More than 100 people packed into the Camas Library Monday night to hear Matthew Erlich, a speaker for the Seattle-based Holocaust Center for Humanity, tell his mother’s incredible tale of perseverance and survival in the face of Nazi death camps.

“My mother died in 2009 of lung cancer,” Erlich told the crowd at the beginning of his presentation. “The doctors said she had six months to live, but she lived six years. By the end of this discussion, that will be no surprise to any of you.”

Indeed, no one could question Felicia Erlich’s will to survive. Born Felicia Lewkowicz on June 21, 1924, Erlich’s mother grew up in Poland with her three brothers and three sisters, parents Rozalia and Zygmund, and Polish-speaking, Christian nanny, Helcha.

The nanny’s details are important, Erlich said Monday night, because it meant his mother, unlike most Jewish children living in Poland in the 1920s and 1930s, grew up speaking Polish and understanding Christian holidays. Felicia also learned to speak German, Ukrainian and French. “Felicia grew up without a Yiddish accent,” Erlich said. “This later proved to save her life.”

Showing his family’s portrait in 1937, Erlich points out his grandmother, Rozalia. Like her daughter, Felicia, Rozalia was not a woman who gave in to fear.

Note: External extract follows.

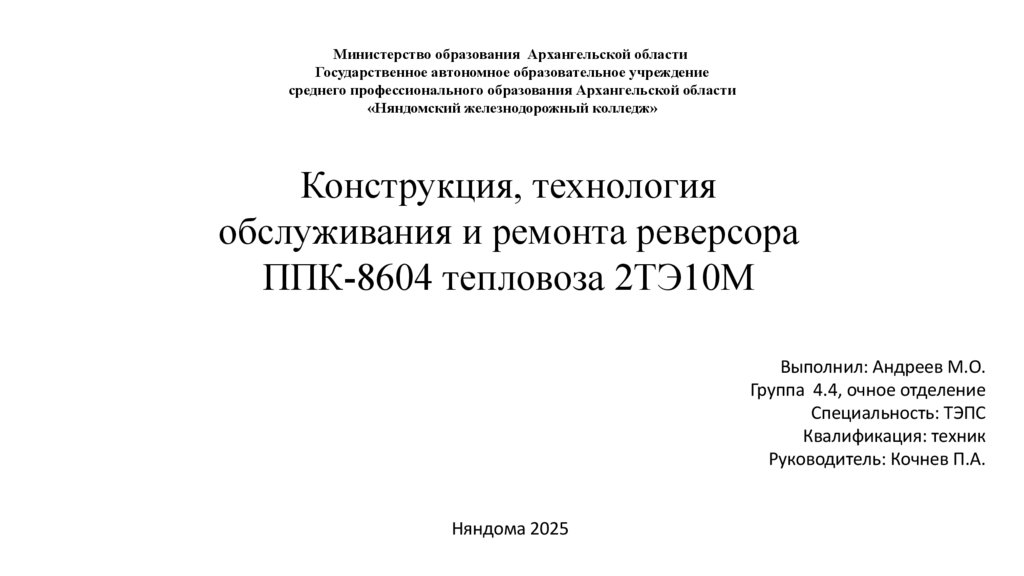 Конструкция, технология обслуживания и ремонта реверсора ППК-8604 тепловоза 2ТЭ10М

When a Nazi soldier bumped into her one day and hissed, “Out of my way, Jew,” Erlich’s grandmother looked him in the eye and responded, “My name is Rozalia.”

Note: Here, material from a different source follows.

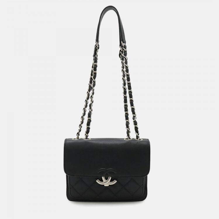 Pre Owned Chanel Half Coco Mark Double Chain Black Leather Shoulder Bag

“She could have been killed,” Erlich said, testifying to his grandmother’s bravery. “That was a shootable offense.”

Erlich’s mother, Felicia, spent her later teen years in terrifying conditions. By the time she was 17, her family, along with all Jewish families in Nazi-occupied Poland, had been forced out of their homes and into walled, overcrowded ghettos. Erlich’s mother, Felicia, went to the Krakow Ghetto with one of her three brothers. The rest of her family went to Tarnow, about 70 miles away.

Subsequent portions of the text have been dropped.